うりぼうのシネ煉獄

映画・ゲーム・テレビ・本の感想をまったり書きます。

うる星やつら/ビューティフル・ドリーマー

2013年06月12日 | 日記
 押井守監督による1984年のアニメ作品。


 「1作目は原作に(比較的)従順に、2作目は自分の好きにやる」スタイルであるとか、2つの異なる世界の境界が曖昧になる物語とか、理屈っぽい独り語りが多いとか、ある意味、押井守のスタイルを決定づけたとも言える作品で、うる星やつらが原作であることを除いても物語として傑作だと思います。

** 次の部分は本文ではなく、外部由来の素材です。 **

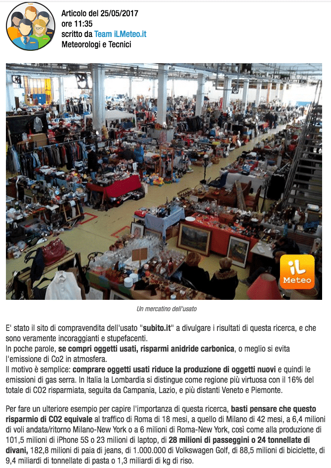 In poche parole, se compri oggetti usati, risparmi anidride carbonica, o meglio si evita l’emissione di Co2 in atmosfera.

 それでもこの頃はまだそれぞれのキャラクターや世界観を生かしつつみたいなところもあってほどよく観られる作品です。同じように「2作目は好きにやる」タイプの「パトレイバー2」「イノセンス」では本当に押井の好きなキャラで好きな世界観で物語るので原作ファンにもキツかったろうと思います。個人的には押井守作品が好きなのでいいんですが。


 物語の設定になる”永遠に終わらない学園祭前日”とかそういうノリはマンガでも「究極超人あ~る」のような「こういう逃げ場所のような部活がずーっと続けばいいなぁ」というようなのがあったし、同じゆうきまさみの「パトレイバー」でも”埋立地に島流しにされたお荷物部隊”の登場人物たちという設定で持ち越されています。
 本作ラストで「実は”終わらない夢”は続いている」ような解釈が許されているのは原作自体登場人物たちがずっと年を取らない設定だったことを踏まえているんでしょうね~。「永遠に学園祭前日を繰り返す」のも「永遠に高校2年生である」のも一緒じゃないか、と。

 それはけっこう意識的に演出されているようで、作中面堂が他の仲間に怪異に注意を払うようにいいつつも先刻折れたはずの刀がいつの間にか元に戻っているのに気づいていなかったり、同じシーンでさくらが「3階建ての校舎がいつの間にか4階建てになっている」と指摘するのに、実はそのシーン以外では校舎は2階建てであるのにさくら自身気づいていなかったりと”うる星やつら”の登場人物自体が永遠に繰り返す夢にすでに飲み込まれているのを匂わせています。


 ともあれ、
 本作はうる星やつらを知っていても知らなくても楽しめる傑作だと思うし、少なくとも後年の押井作品よりも観やすいという意味でもオススメ。